Officer in the Royal New Zealand Air Force

Maechel Anthony "Mick" Ensor, (5 January 1922 – 27 December 1994) was a highly decorated officer of the Royal New Zealand Air Force (RNZAF) during the Second World War. One of the most decorated New Zealanders to have flown in Coastal Command, he is credited with having sunk two U-boats.

Born at Rakahuri near Rangiora, Ensor joined the RNZAF in 1939 but did not commence his training until the following year. In 1941 he was sent to the United Kingdom to serve with the Royal Air Force. Posted to Coastal Command, he was a pilot with No. 500 Squadron, which operated Lockheed Hudson maritime patrol aircraft across the North Sea. He was awarded the Distinguished Flying Cross in early 1942 for a sortie during which his Hudson was damaged while attacking a shipping convoy. The squadron moved to Cornwall from where it patrolled the Bay of Biscay. Ensor later served in the Mediterranean theatre of operations and destroyed a U-boat on 13 November 1942, for which he was awarded the Distinguished Service Order. After a period of staff duties from January to July 1943, he was posted to No. 224 Squadron, flying the Consolidated B-24 Liberator heavy bomber. He eventually rose to the rank of wing commander and led the squadron during the final months of the war, sinking a U-boat on 5 May 1945.

Ensor remained commander of No. 224 Squadron in the immediate post-war period and transferred to the RAF in 1947. He was posted to Transport Command and flew extensively with No. 206 Squadron during the Berlin Airlift. After a period of service with the United States Navy on an exchange, he became commander of No. 217 Squadron, overseeing its conversion to the Lockheed P-2 Neptune maritime patrol aircraft. Much of his later service in the RAF was in staff and administrative roles which caused Ensor to become dissatisfied with his career. He was retired from the RAF on medical grounds in 1965. He returned to New Zealand and ran a transport company until his retirement in 1975. He died in Christchurch in 1994, aged 74.

==Early life==
Maechel Anthony Ensor was born on 5 January 1922 at Rakahuri, a sheep station near Rangiora in Canterbury, New Zealand. He was the youngest of six children of Hugh Ensor, a sheep farmer, and his wife Kathleen. The spelling of Ensor's given name was apparently due to his father's dislike of the Irish and he was known as Mick. In 1930, the Ensor family moved to another sheep station that they owned at the foot of the Southern Alps, leaving Ensor's oldest brother in charge at Rakahuri. He was initially educated by correspondence, supervised by his mother, and combined this with work on the station. From 1935 to the end of 1938 he attended St Andrew's College in Christchurch as a boarder.

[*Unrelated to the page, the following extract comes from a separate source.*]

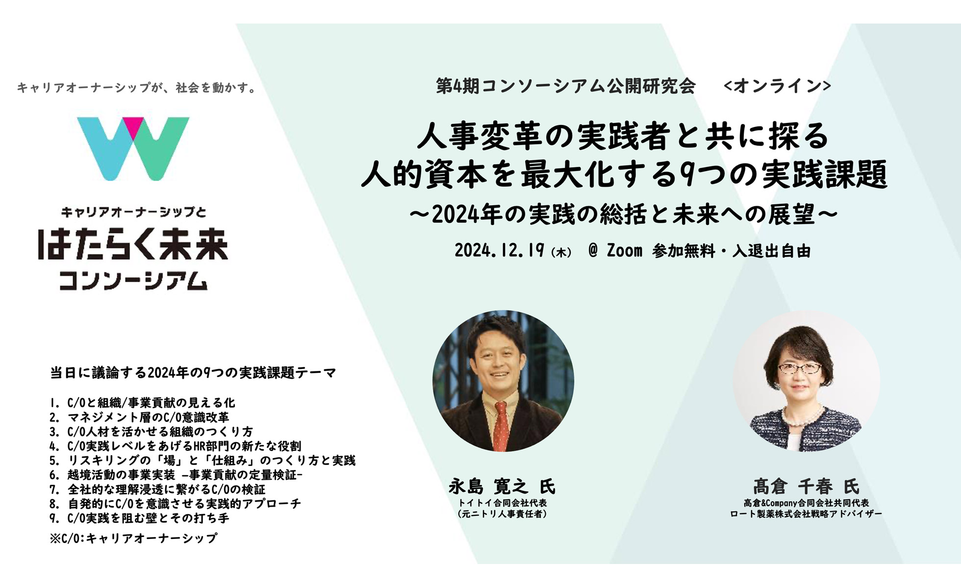 日本を代表する48の企業と団体が参画する「キャリアオーナーシップとはたらく未来コンソーシアム 第4期」の公開研究会が、2024年12月19日(木)に開催されました。
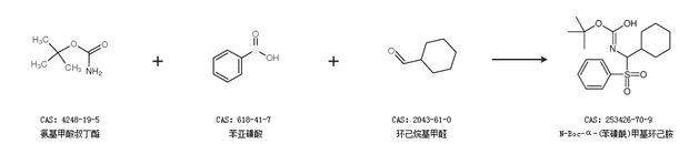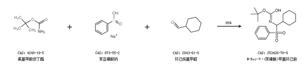 2.通过氨基甲酸叔丁酯、苯亚磺酸和环己烷基甲醛合成N-Boc-α-(苯磺酰)甲基环己胺

Ensor had an interest in aviation, and in 1933 had been taken on a short flight in the Southern Cross when Charles Kingsford Smith piloted it on a visit to Christchurch. Still too young to join the Royal New Zealand Air Force (RNZAF) when he left school, he took occasional flying lessons at the Canterbury Aero Club and also studied navigation. As his academic career had been average, he also took courses in algebra and trigonometry. In June 1939, he applied for a short service commission in the RNZAF but did not commence his training until the following July.

==Second World War==
An induction course was held at the Ground Training School at Weraroa, in the North Island of New Zealand, before Ensor proceeded to Taieri, near Dunedin to begin elementary flying training on de Havilland Tiger Moth trainer aircraft. He completed this phase of training rated as "above average" and proceeded to No. 1 Flying Training School at Wigram airbase for further flight instruction on Airspeed Oxfords, a twin-engined trainer aircraft. He gained his wings on 16 January 1941 and was commissioned as a pilot officer the following month. He departed New Zealand on 27 February aboard the ocean liner Awatea, headed for Canada and then the United Kingdom to serve with the Royal Air Force (RAF). He arrived at Uxbridge on 2 May and was subsequently posted to Coastal Command, commencing his operational training at Andover on Bristol Blenheim light bombers.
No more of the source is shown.